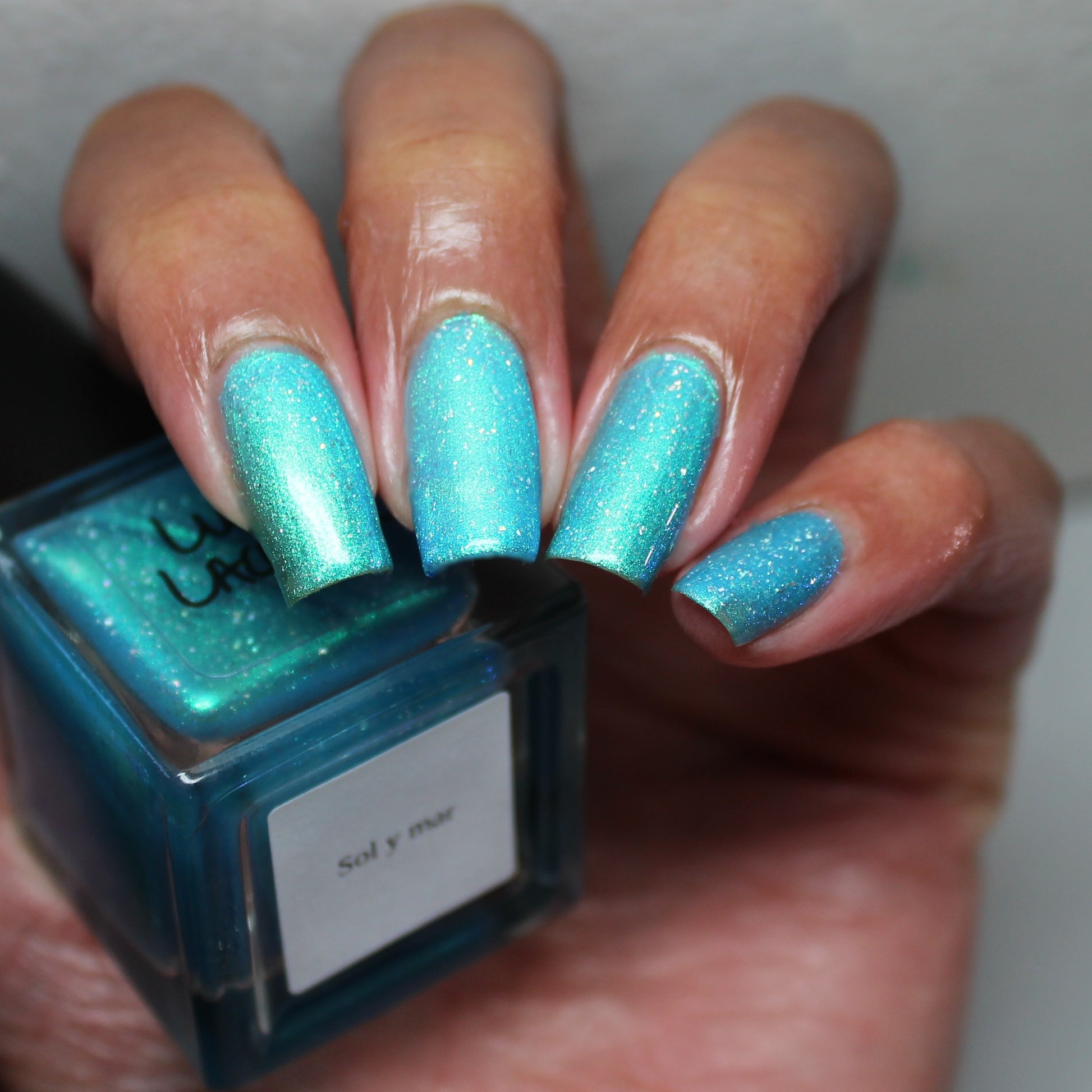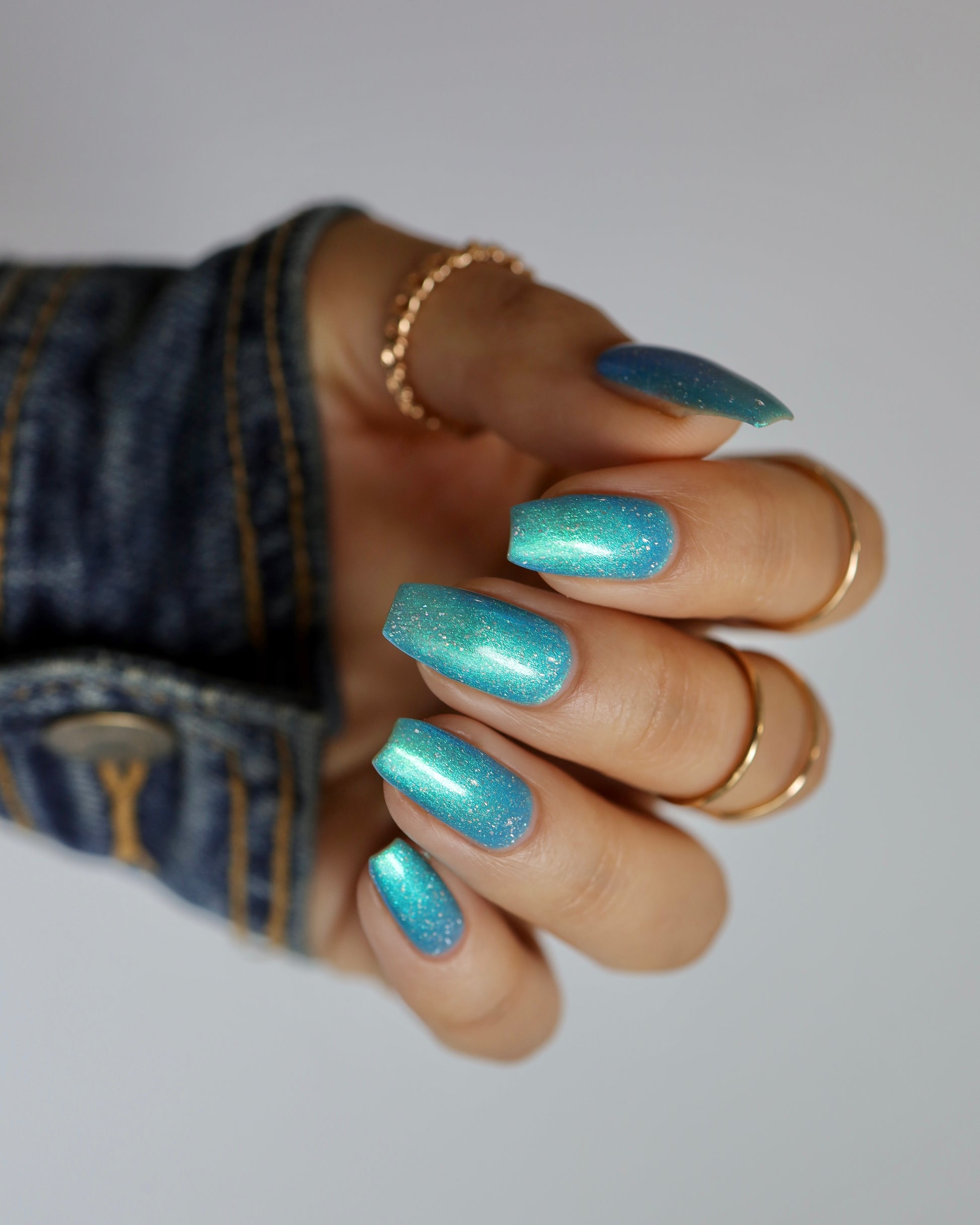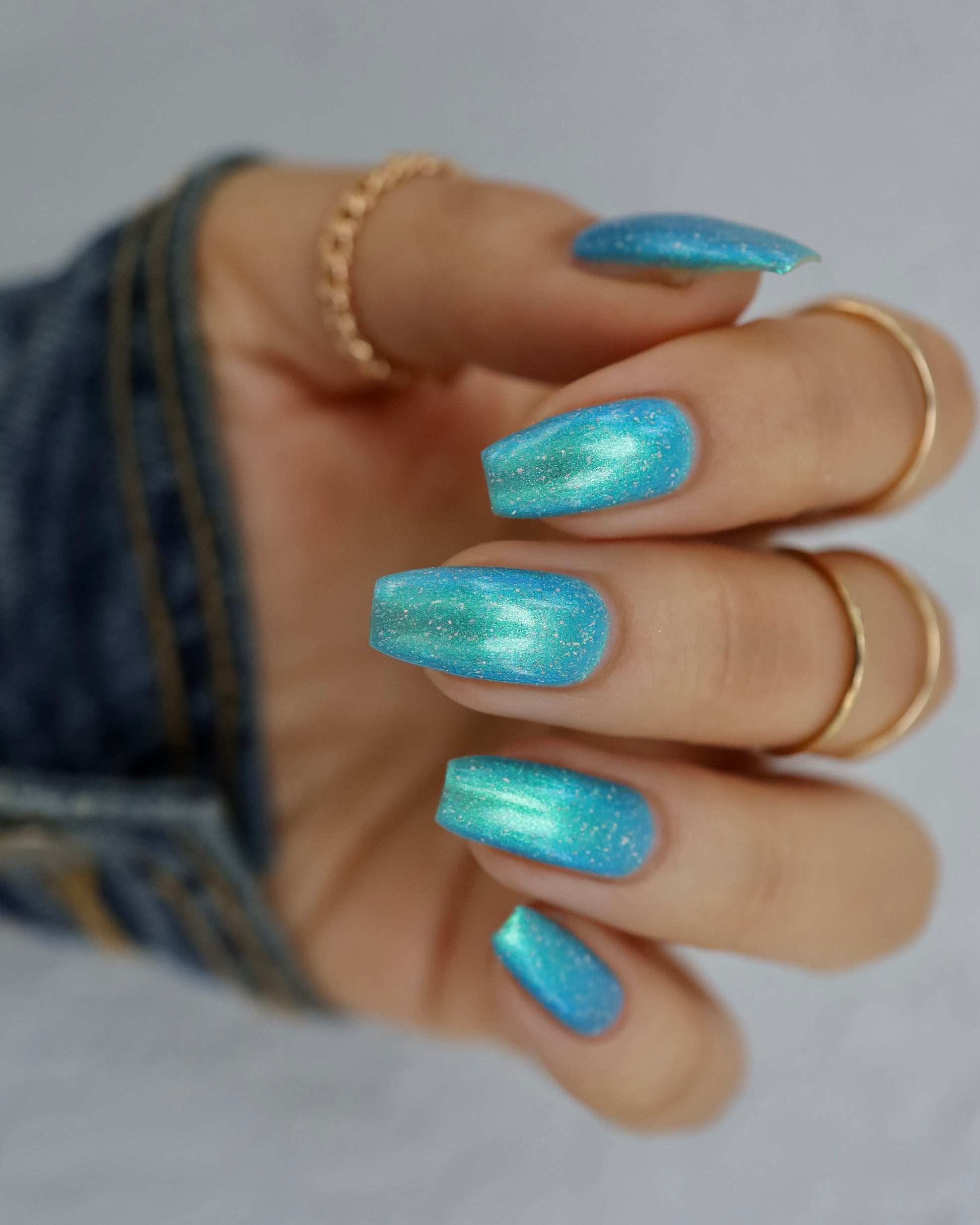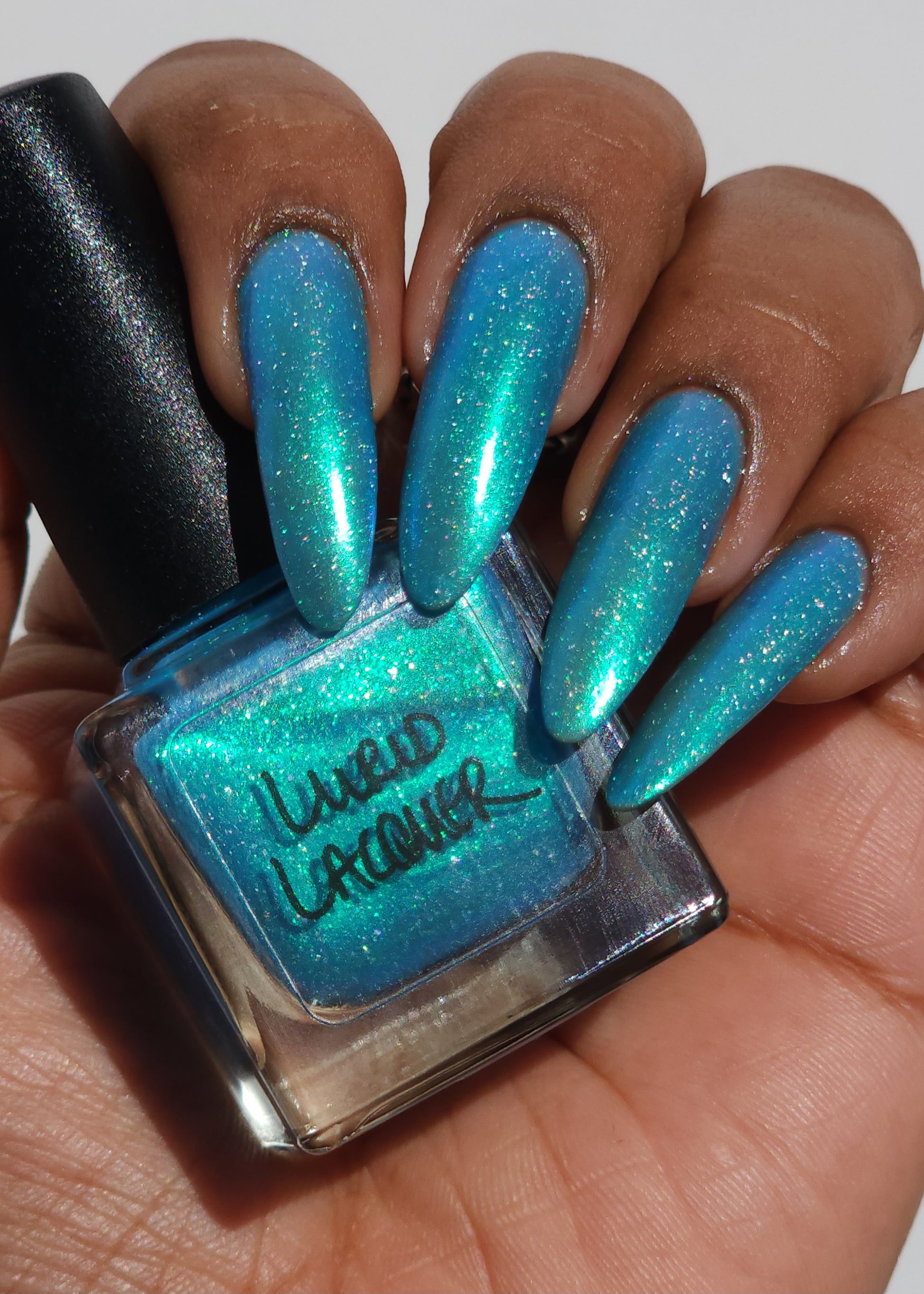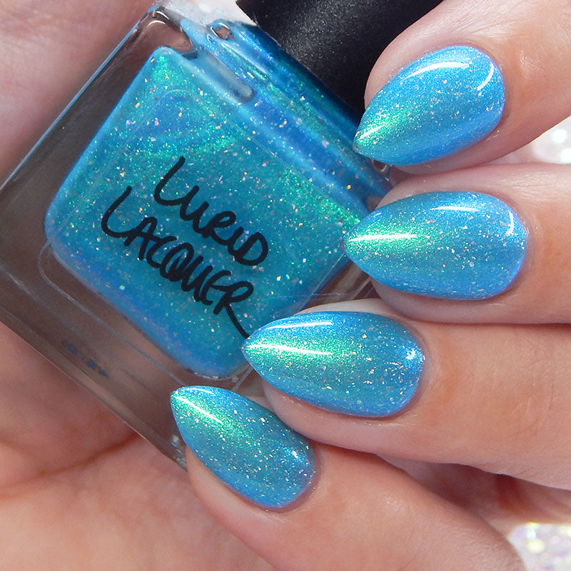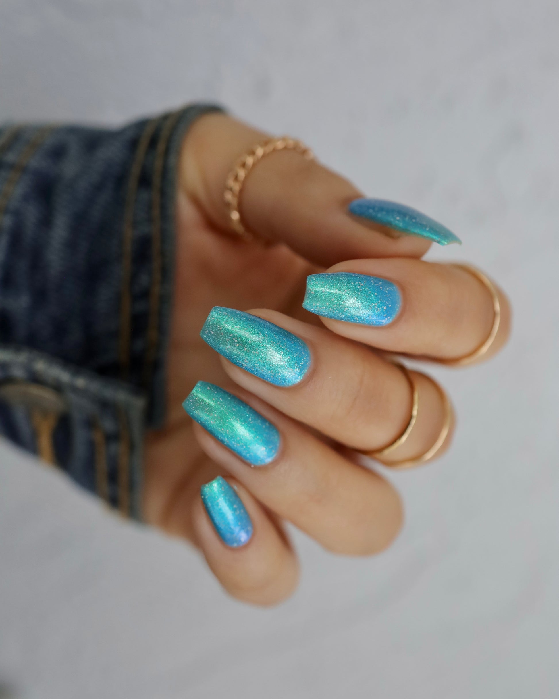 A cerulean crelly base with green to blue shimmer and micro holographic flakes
━━━━━━━━━━━━━━━━
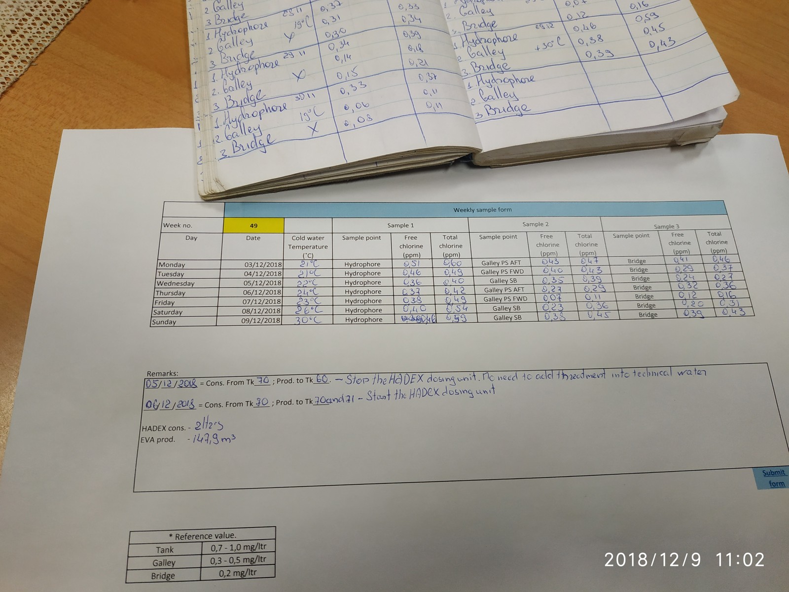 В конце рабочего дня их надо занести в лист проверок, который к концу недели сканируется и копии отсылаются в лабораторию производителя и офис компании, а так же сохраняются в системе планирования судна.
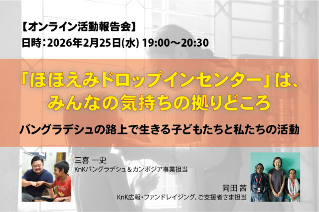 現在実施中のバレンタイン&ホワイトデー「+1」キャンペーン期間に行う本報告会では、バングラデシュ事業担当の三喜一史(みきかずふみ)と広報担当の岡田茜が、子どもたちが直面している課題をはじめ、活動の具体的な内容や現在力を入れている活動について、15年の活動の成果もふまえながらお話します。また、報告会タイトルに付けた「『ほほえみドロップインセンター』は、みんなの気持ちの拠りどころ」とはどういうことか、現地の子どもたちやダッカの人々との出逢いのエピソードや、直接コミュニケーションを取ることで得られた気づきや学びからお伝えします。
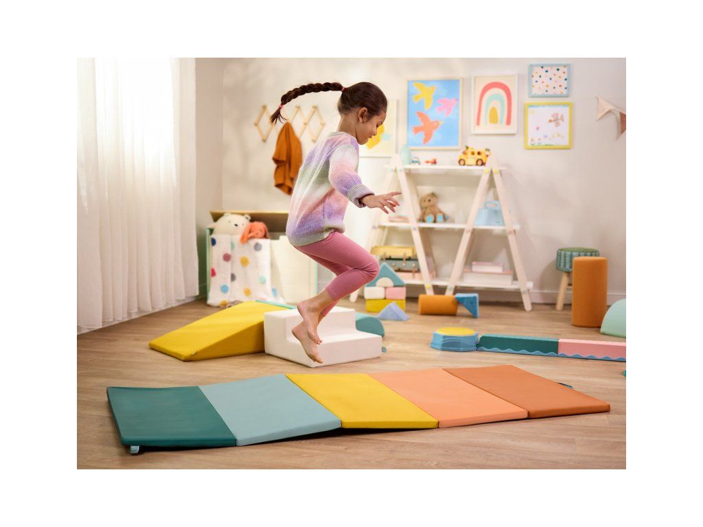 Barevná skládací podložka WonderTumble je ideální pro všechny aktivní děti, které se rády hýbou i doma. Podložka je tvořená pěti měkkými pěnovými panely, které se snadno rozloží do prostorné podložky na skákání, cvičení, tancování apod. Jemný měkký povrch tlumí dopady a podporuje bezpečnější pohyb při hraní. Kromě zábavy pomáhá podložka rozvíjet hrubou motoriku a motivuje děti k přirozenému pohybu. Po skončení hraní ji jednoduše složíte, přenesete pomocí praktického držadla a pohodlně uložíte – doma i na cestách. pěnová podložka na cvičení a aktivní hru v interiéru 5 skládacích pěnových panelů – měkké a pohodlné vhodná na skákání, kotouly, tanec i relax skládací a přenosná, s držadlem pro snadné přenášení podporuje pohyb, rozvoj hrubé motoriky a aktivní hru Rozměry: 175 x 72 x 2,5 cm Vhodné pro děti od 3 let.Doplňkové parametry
━━━━━━━━━━━━━━━━
Above are the records; return the lines in them from the one with "現在実施中のバレンタイン&ホ" to the one with "Barevná skládací podložka", inclusive, exactly and without images.

Task response:
 現在実施中のバレンタイン&ホワイトデー「+1」キャンペーン期間に行う本報告会では、バングラデシュ事業担当の三喜一史(みきかずふみ)と広報担当の岡田茜が、子どもたちが直面している課題をはじめ、活動の具体的な内容や現在力を入れている活動について、15年の活動の成果もふまえながらお話します。また、報告会タイトルに付けた「『ほほえみドロップインセンター』は、みんなの気持ちの拠りどころ」とはどういうことか、現地の子どもたちやダッカの人々との出逢いのエピソードや、直接コミュニケーションを取ることで得られた気づきや学びからお伝えします。
 Barevná skládací podložka WonderTumble je ideální pro všechny aktivní děti, které se rády hýbou i doma. Podložka je tvořená pěti měkkými pěnovými panely, které se snadno rozloží do prostorné podložky na skákání, cvičení, tancování apod. Jemný měkký povrch tlumí dopady a podporuje bezpečnější pohyb při hraní. Kromě zábavy pomáhá podložka rozvíjet hrubou motoriku a motivuje děti k přirozenému pohybu. Po skončení hraní ji jednoduše složíte, přenesete pomocí praktického držadla a pohodlně uložíte – doma i na cestách. pěnová podložka na cvičení a aktivní hru v interiéru 5 skládacích pěnových panelů – měkké a pohodlné vhodná na skákání, kotouly, tanec i relax skládací a přenosná, s držadlem pro snadné přenášení podporuje pohyb, rozvoj hrubé motoriky a aktivní hru Rozměry: 175 x 72 x 2,5 cm Vhodné pro děti od 3 let.Doplňkové parametry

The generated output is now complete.